L'ancien président du syndicat des cols bleus de Montréal Michel Parent estime qu'il a été victime d'un putsch mené par la «clique» de son prédécesseur Jean Lapierre, qui garde un ascendant puissant sur le local 301.

«Il a quitté à la retraite en 2003, mais il est toujours resté omniprésent pour essayer de contrôler les décisions de l'exécutif», a raconté M. Parent lors d'une entrevue avec La Presse.

Officiellement à la retraite depuis hier, M. Parent est sorti de son mutisme pour la première fois depuis son départ. Il a voulu réagir à une déclaration de la nouvelle présidente du syndicat, Chantal Racette, malgré une entente de confidentialité entourant les circonstances du départ de M. Parent. Au micro de Paul Arcand, lundi, elle a affirmé que Michel Parent avait quitté la tête du syndicat de son propre gré.

«C'est faux. Ils ne mettront pas ma crédibilité en doute. J'ai travaillé trop longtemps dans ce syndicat-là pour permettre de me dénigrer de la sorte», a indiqué M. Parent, qui a été à la tête du puissant syndicat des employés manuels de la Ville pendant 12 ans.

Selon sa version des faits, il a été poussé à la porte en mars, quelques semaines avant la fin de son mandat, car l'ancien vice-président Gaétan Simard, qui venait d'être remplacé après un scrutin, ne voulait pas retourner à ses fonctions de col bleu. Même chose pour l'ancien trésorier Daniel Gaucher.

Michel Parent raconte que le frère de Jean Lapierre, André Lapierre, a ensuite déposé une plainte contre lui, car il n'avait pas participé à suffisamment de réunions de la fondation du syndicat des cols bleus.

«C'était un moyen de m'écarter avant les élections afin que la présidente soit élue et, une fois élue, qu'elle puisse confirmer la nomination de Simard et Gaucher comme ses deux conseillers.»

Plus Jean Lapierre «place ses pions», plus il a de contrôle, résume M. Parent.

Après 23 ans passés au syndicat, trouve-t-il difficile la manière dont se sont terminées les choses?

«C'est sûr que je suis amer, mais écoute, ça m'a permis une chose: de connaître la nature humaine.
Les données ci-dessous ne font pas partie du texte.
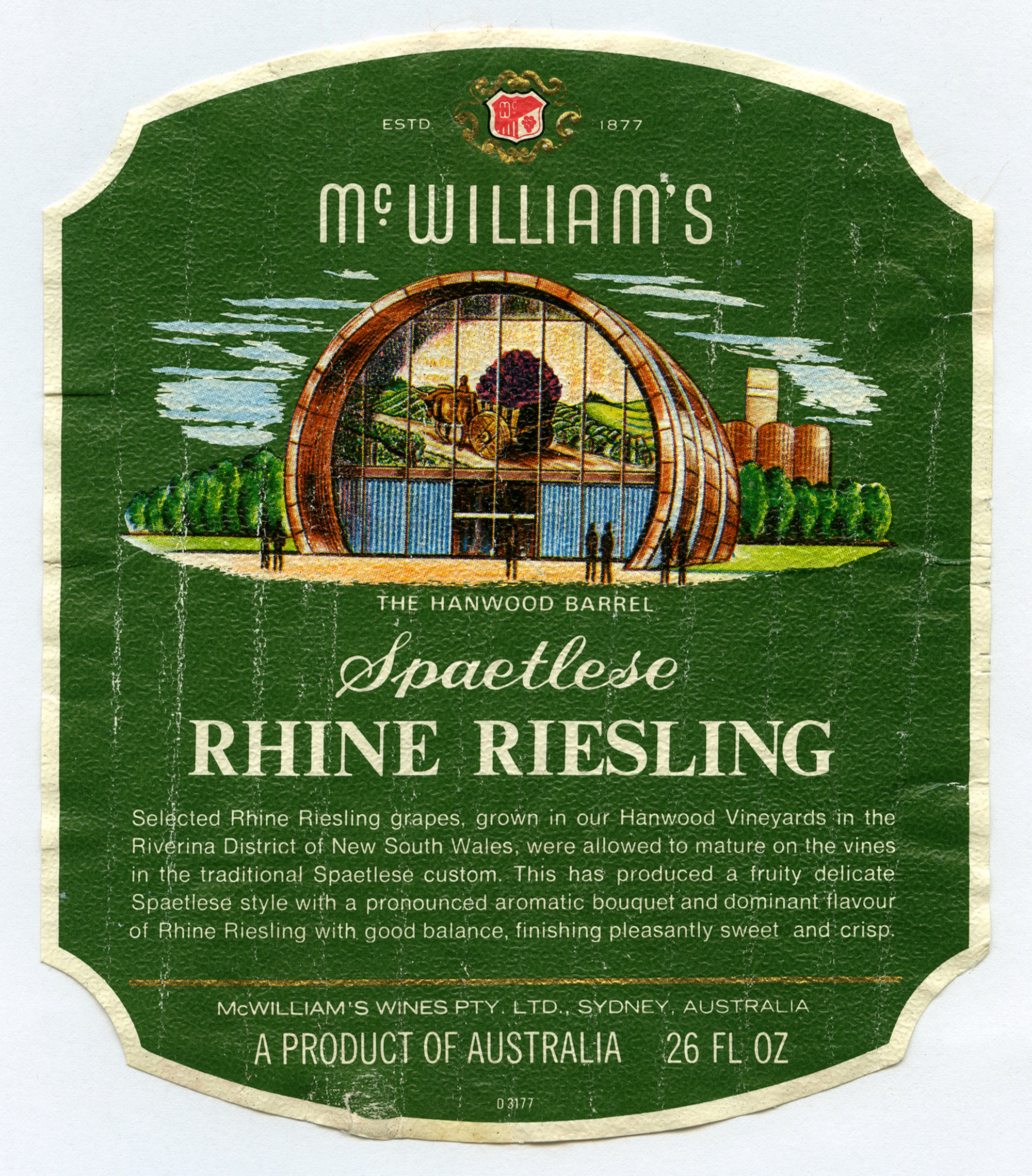 McWilliam's Hanwood Vineyard Label front (1973) (1973). Living Histories, accessed 17/04/2026, https://livinghistories.newcastle.edu.au/nodes/view/61140

Les hauts dirigeants qui sont libérés ont un salaire. Il y en a que pour ce surplus de salaire-là, ils aiment mieux être au syndicat et faire n'importe quoi qu'être dans leurs fonctions de col bleu. Comme si c'était honteux ou dégradant. Ces gens-là oublient leurs origines.»

Michel Parent souligne que Jean Lapierre, qui a été président du syndicat de 1985 à 2003, est encore vu comme une icône au sein du syndicat. Il tient à souligner qu'il a fait beaucoup pour les employés cols bleus.
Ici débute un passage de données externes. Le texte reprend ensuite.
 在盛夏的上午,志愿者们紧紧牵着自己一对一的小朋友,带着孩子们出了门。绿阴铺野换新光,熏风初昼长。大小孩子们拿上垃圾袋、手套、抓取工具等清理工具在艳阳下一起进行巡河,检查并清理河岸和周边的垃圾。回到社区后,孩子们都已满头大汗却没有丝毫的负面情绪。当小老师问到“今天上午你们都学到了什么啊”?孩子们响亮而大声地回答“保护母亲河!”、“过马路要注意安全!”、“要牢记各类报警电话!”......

Lorsqu'elle s'est présentée aux élections pour devenir présidente du syndicat des cols bleus, Chantal Racette avait fait parvenir une lettre à ses membres pour leur indiquer qu'elle prônait le retour «à un rapport de force comme à l'époque de Jean Lapierre». Lors d'une assemblée générale extraordinaire, qui a réuni des centaines de cols bleus en arrêt de travail illégal la semaine dernière, M. Lapierre a été le premier à prendre le micro, et il a fait l'éloge des «bonnes vieilles méthodes».

Mme Racette est-elle la marionnette de Jean Lapierre? «Je suis convaincu qu'il lui donne des conseils très judicieux. Et vu que c'est son mentor, tel qu'elle l'a dit, elle va le suivre les deux yeux fermés», croit Michel Parent.
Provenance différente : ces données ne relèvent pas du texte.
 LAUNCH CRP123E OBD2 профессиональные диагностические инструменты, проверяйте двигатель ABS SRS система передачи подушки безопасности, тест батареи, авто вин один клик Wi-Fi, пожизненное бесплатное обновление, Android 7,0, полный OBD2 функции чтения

Sur le fond, il appuie les revendications du syndicat des cols bleus. Il est farouchement contre le pacte fiscal, qui pourrait donner aux villes le pouvoir de décréter les conditions de travail de ses employés.

«Je peux vous garantir une affaire: s'il n'y a pas de règlement des conventions collectives dûment négociées, et que le pacte fiscal est adopté tel quel, je ne suis pas sûr que les fêtes du 375e vont être belles à voir.»

Depuis une semaine, nous avons effectué une quinzaine de demandes auprès du porte-parole du syndicat des cols bleus, André Lepage, pour obtenir une entrevue avec la présidente Chantal Racette ou pour obtenir différentes informations factuelles. Nous avons également demandé une entrevue avec MM. Gaucher et Simard. Toutes nos demandes sont restées sans réponse.